83 The Council in this case proceeded in this manner. It made submissions that different conclusions should be drawn from the factual foundation established in the expert evidence and also from the evidence of the residents. The Council was entitled to do so. Contrary to the appellant’s submission, it was not necessary for the Council to call another expert to contradict the opinions of the court appointed expert and the applicant’s experts and which mirrored the submissions the Council wished to make. The Council was able to use the evidence that was available before the Court, both expert and lay, to found its submissions.

84 The judgment of Commissioner Tuor also discloses that there was a legitimate debate on the central issues raised in the case. The judgment does not establish that the evidence was all one way or that there was no rational argument to the contrary of the applicant’s arguments. The fact that Commissioner Tuor ultimately determined the issues in favour of the applicant’s arguments does not speak against these conclusions.

85 The circumstances of this case do not fall within the categories where the Court has in previous cases found it to be fair and reasonable to make an order for costs, such as the circumstances set out in sub-paragraphs 15(d), (f) or (g) of Grant v Kiama Municipal Council [2006] NSWLEC 70 (22 February 2006) or in ACM Landmark Pty Ltd v Cessnock City Council [2006] NSWLEC 256 (26 April 2006).

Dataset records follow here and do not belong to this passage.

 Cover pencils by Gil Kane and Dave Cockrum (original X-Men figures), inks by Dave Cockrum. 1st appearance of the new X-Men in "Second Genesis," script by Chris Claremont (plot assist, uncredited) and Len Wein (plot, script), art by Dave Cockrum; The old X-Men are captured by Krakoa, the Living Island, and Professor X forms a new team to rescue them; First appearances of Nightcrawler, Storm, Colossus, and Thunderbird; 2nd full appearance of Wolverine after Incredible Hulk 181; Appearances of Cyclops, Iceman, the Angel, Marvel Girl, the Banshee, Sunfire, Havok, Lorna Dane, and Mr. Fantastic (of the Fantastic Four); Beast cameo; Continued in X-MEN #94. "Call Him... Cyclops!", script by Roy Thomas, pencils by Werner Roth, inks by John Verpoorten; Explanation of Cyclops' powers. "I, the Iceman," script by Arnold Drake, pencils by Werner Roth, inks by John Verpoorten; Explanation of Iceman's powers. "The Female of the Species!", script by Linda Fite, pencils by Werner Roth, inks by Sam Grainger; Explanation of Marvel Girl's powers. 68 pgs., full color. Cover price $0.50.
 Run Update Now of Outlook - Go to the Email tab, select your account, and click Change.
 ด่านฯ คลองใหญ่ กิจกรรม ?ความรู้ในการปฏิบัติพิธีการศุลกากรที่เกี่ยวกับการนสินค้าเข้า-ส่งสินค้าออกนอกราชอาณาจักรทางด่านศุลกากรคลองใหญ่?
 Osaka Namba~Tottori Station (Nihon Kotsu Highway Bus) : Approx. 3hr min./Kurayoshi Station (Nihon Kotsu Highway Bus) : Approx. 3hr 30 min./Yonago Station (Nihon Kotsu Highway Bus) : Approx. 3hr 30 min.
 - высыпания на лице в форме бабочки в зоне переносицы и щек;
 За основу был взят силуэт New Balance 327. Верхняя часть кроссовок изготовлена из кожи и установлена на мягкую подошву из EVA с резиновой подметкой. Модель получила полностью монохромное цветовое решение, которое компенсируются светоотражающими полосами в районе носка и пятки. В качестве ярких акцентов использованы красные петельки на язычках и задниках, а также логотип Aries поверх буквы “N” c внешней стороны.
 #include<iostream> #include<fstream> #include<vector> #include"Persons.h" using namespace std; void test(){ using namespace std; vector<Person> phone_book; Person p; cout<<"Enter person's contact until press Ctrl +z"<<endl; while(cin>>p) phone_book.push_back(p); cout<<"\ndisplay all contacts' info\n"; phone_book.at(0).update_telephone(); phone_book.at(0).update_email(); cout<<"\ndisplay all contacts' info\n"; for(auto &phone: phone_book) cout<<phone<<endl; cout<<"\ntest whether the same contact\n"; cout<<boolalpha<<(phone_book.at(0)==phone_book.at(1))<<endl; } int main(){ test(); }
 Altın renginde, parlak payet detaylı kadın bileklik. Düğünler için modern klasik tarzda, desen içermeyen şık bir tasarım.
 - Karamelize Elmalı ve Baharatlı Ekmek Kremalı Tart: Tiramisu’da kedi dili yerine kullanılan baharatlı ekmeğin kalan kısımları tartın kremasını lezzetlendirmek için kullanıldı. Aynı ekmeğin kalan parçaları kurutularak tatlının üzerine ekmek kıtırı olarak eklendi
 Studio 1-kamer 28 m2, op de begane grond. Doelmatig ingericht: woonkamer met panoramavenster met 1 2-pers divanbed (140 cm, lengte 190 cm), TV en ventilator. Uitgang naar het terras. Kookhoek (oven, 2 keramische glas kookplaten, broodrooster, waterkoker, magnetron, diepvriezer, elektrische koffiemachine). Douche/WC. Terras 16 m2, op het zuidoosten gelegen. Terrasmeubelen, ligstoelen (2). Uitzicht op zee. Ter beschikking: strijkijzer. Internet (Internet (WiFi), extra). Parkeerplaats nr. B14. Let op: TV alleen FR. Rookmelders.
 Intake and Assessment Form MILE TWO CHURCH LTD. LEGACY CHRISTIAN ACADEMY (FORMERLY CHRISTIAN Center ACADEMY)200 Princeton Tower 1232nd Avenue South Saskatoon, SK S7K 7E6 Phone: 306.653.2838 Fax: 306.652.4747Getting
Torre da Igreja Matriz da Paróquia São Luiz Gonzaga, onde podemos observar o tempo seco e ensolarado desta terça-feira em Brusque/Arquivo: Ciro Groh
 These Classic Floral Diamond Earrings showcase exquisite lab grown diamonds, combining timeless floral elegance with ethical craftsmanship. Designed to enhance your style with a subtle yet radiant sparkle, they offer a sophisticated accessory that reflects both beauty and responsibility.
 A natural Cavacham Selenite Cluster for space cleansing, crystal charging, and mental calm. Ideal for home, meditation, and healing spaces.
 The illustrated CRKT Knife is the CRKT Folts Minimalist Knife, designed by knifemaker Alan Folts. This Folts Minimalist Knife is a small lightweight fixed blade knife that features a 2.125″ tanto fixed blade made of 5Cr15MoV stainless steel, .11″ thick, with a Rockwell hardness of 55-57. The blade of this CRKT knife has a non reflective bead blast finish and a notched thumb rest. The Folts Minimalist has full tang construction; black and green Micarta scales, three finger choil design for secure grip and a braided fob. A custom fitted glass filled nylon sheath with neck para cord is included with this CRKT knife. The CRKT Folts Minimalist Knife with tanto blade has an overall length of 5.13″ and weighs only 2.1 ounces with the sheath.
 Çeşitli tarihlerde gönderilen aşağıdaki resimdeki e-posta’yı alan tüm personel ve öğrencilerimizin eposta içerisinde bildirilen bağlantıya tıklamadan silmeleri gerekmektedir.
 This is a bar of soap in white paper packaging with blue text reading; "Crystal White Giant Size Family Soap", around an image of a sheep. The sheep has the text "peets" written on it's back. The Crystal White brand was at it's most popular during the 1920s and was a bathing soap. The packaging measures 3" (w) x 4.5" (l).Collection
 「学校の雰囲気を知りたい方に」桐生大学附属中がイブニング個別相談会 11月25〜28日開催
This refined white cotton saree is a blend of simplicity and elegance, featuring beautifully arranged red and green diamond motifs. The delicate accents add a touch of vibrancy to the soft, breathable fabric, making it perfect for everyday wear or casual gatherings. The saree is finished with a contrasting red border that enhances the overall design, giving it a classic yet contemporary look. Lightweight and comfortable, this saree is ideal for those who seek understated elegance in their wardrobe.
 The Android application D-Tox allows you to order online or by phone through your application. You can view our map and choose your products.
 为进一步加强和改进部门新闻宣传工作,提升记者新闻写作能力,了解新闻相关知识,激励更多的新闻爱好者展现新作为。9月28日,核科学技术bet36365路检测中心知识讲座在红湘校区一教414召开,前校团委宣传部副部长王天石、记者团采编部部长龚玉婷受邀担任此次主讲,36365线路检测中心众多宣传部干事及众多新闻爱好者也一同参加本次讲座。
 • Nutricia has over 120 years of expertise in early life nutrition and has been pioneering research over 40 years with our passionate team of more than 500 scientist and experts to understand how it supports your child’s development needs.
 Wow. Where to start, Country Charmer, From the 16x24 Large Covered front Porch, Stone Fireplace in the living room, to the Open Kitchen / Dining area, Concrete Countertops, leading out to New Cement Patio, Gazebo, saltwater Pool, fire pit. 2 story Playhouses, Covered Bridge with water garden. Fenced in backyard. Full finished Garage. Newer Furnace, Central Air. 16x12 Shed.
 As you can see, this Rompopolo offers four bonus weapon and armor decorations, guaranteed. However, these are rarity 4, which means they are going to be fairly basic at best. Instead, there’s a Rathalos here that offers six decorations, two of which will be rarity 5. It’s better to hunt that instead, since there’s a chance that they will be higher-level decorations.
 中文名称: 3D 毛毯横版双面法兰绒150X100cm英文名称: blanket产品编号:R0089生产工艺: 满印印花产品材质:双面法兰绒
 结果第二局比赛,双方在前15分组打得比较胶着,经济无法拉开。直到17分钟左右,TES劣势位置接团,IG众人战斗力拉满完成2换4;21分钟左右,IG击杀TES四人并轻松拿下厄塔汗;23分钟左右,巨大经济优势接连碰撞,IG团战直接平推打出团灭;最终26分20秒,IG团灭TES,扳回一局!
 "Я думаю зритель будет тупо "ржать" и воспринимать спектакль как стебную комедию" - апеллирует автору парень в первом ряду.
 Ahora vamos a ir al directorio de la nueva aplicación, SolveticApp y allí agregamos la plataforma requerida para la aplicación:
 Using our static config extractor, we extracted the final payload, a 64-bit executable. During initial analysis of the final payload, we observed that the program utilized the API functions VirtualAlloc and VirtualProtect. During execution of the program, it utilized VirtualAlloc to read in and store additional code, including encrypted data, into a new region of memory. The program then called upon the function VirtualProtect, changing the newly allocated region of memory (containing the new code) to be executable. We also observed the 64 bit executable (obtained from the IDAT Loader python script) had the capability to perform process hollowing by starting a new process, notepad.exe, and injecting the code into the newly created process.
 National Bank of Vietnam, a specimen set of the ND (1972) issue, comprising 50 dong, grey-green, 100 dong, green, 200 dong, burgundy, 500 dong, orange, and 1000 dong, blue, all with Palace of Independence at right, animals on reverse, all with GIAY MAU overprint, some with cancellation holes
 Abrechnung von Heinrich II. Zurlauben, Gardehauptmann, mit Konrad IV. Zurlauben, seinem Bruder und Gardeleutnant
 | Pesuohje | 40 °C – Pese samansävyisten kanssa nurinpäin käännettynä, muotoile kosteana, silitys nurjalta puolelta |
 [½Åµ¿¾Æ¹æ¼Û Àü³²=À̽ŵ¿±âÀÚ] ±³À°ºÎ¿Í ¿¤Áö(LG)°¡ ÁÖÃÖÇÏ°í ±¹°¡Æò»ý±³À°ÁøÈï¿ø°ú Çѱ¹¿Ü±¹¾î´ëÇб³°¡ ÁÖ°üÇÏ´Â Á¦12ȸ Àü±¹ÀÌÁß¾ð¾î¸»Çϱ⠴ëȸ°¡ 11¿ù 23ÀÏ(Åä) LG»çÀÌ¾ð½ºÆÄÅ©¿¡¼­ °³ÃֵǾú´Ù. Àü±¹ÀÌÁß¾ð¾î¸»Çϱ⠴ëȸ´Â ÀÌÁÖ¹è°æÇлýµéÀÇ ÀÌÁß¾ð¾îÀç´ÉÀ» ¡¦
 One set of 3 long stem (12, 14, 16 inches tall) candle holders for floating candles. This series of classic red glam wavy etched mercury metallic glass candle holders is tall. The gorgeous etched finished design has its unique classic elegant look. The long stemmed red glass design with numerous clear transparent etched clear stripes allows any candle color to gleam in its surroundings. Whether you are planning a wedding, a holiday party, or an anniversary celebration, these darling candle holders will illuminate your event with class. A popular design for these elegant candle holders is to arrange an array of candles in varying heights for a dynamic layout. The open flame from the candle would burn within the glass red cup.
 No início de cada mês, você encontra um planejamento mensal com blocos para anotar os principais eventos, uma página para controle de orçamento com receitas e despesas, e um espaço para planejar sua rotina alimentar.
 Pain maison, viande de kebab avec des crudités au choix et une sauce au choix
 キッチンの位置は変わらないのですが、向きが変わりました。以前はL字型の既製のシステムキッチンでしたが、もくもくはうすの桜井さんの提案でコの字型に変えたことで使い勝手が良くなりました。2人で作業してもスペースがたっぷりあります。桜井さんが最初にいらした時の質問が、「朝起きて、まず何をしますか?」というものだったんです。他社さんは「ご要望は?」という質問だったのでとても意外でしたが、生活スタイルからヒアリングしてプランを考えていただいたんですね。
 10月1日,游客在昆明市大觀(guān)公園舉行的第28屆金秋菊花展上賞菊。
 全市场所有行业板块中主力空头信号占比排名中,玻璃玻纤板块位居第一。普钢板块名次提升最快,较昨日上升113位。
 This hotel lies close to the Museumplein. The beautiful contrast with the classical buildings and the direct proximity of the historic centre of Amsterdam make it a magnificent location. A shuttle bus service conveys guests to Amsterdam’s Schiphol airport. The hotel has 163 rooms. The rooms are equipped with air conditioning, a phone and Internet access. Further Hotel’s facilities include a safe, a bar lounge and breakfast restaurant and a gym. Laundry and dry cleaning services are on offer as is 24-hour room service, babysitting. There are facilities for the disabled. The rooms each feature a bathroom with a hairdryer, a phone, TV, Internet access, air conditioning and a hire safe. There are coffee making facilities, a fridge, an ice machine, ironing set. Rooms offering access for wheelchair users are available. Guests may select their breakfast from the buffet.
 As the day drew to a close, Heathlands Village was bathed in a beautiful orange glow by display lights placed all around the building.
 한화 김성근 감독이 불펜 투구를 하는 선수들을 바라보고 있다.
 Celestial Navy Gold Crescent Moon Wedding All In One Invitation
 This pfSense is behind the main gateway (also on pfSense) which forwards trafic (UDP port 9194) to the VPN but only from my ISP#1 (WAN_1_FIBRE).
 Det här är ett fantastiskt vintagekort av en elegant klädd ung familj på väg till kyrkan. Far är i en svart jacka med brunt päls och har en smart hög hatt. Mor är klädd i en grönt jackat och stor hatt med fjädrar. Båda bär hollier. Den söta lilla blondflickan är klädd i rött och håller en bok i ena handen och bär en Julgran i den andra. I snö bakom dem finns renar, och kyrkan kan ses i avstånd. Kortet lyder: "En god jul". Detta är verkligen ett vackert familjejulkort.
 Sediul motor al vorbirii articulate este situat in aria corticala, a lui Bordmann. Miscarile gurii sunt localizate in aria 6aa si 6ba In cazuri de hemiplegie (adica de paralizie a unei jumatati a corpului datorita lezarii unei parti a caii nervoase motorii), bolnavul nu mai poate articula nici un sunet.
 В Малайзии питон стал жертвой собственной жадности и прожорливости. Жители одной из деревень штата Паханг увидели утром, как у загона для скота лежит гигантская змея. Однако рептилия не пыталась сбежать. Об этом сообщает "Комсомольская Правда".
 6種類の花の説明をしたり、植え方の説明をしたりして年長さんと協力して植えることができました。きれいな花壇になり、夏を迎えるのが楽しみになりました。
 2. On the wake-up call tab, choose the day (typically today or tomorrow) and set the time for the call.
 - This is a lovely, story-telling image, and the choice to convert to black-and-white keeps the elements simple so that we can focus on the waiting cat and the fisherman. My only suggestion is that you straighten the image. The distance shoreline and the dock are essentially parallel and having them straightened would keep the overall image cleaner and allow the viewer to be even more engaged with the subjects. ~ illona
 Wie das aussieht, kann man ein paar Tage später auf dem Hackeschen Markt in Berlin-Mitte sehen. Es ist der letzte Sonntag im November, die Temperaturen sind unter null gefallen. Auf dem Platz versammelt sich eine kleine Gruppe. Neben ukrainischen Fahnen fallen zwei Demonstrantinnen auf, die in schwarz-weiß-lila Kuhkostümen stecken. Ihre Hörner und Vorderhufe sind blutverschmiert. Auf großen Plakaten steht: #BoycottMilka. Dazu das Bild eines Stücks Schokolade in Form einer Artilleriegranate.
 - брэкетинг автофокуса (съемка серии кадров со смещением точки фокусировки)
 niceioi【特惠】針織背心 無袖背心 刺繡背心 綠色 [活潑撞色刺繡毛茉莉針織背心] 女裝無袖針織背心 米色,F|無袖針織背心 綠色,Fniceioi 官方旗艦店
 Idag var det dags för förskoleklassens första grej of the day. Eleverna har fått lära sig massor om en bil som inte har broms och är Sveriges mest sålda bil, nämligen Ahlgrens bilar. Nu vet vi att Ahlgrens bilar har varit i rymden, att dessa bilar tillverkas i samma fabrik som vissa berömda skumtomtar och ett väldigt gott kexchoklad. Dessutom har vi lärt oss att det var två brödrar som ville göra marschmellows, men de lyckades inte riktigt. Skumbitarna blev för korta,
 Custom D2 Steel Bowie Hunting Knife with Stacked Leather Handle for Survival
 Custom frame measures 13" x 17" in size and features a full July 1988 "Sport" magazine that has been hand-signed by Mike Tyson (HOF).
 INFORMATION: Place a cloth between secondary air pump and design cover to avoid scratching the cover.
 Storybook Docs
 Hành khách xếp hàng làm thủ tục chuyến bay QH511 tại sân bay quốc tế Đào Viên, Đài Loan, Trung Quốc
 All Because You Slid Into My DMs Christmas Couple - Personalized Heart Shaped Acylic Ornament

86 The evidence of the objectors was not irrational and the Council did not blindly accept subjective fears or concerns of objectors. The circumstances in New Century Developments v Baulkham Hills Shire Council [2003] NSWLEC 154 (30 July 2003) are distinguishable.

87 For these reasons, I do not consider that the making of a costs order is, in the circumstances of this particular case, fair and reasonable.

88 In relation to the costs of the motion, the usual rule is that the successful party is entitled to its costs: Grant v Kiama Municipal Council [2006] NSWLEC 70 (22 February 2006) at [74]. Accordingly, the applicant should pay the Council’s costs of the applicant’s motion for costs of the proceedings.

Orders

89 Accordingly, I make the following orders:


        1. Each party pay their own costs of the proceedings.

        2. The applicant pay the Council’s costs of the applicant’s motion for costs.